Yesterday I was playing tourist in New York again. I met a friend at the New York Historical Society where we saw a wonderful exhibit about the Marquis de Lafayette’s return to America in 1824 when he was 67 years old. He visited the 24 extant states traveling by road, in very uncomfortable looking carriages, and by water, and taking about 13 months. I decided I would like to retrace his journey. Any excuse to travel, right?

That was my first visit to the Society. I was impressed with their collections and the way they are showing them. They also have extensive documentation online of those collections that include many Tiffany lamps and Audubon prints.
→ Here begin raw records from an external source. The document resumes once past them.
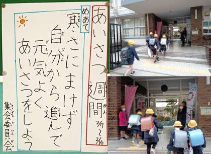 まだまだ寒い日が続きますが、一日の始まりは元気にあいさつをして、心も体も温まりましょう。
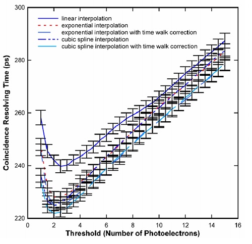 Как видно из рисунка оптимальное (минимальное) значение CRT наблюдается при уровне срабатывания триггера по амплитуде равной двум единичным фотоэлектронам. При высоких уровнях срабатывания триггера, благодаря устранению корреляции между разницей во времени и разницей в величине зарядов частиц, также известной как «уход показаний моментов времени», достигается уменьшение значения CRT. Использование линейной, экспоненциальной и кубической схем сплайн-интерполяций положительно сказывается на значениях разницы во временных метках событий, представленных на рисунке. Наибольший эффект был получен при переходе от линейной сплайн-интерполяции к экспоненциальной, при этом достигалось уменьшение CRT с 240 пс до 225 пс; дальнейшее уменьшение CRT до 222 пс может быть достигнуто с использованием кубической сплайн-интерполяции. При значениях порога срабатывания триггера, превышающего в 3 раза амплитуду сигнала соответствующего одному фотоэлектрону, кривые полученные с использованием экспоненциальной и кубической сплайн-интерполяций пересекаются.
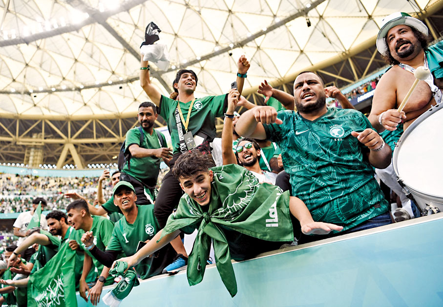 香港文匯報綜合報道,沙特阿拉伯在前日卡塔爾世界盃分組賽爆出驚天大冷門,後來居上擊敗奪標熱門之一的阿根廷,另一支阿拉伯國家球隊突尼斯其後也爆冷賽和奪標黑馬丹麥,戰果令來自中東和北非國家的球迷雀躍不已,齊聲為阿拉伯球隊的出色表現歡呼喝采。東道主卡塔爾國王更罕有地高舉沙特國旗,祝賀沙特取勝。有輿論指出,阿拉伯國家在政治上立場不同,但沙特隊這場勝利,無可否認能令各國團結,彼此拋開政治分歧。

I couldn’t walk around New York without going to the Met. We saw an impressive exhibit of tapestries, some of them 500 years old and still in great condition. They have set up a new gallery for contemporary photography. I always wonder how they select the artists; I certainly would have done it differently. Before I left the museum I spent a lot of time looking at books in the store. I didn’t want to carry them around with me, but there are a number of them, especially on Japanese Gardening, that I would like to own.

My blog about my trip to Japan has been written up today in the Pittsburgh Post-Gazette, in a great article by David Bear, Travel Editor. You can see it here. I was particularly pleased with the excerpt he chose to quote from the blog. I guess this is my 15 minutes of fame.
 

Still working on Japan

I started uploading pictures to a Flickr account. My first group are from the tori no ichi celebration I went to in Tokyo. You can see it here.

The celebration is held to insure prosperity for businesses on
rooster days in November. Vendors at the temple sell bamboo rakes to
help rake in the money. When they make a substantial sale they clap and
chant. See video here.

Sunday update

I have added a slide show about the markets at Toji Temple in Kyoto and some other new pictures to Japan on My Mind. Mostly I’ve spent the last few days exercising and wrestling with ideas for dealing with all the material I’ve accumulated. It’s hard to get back in the groove after so much time away.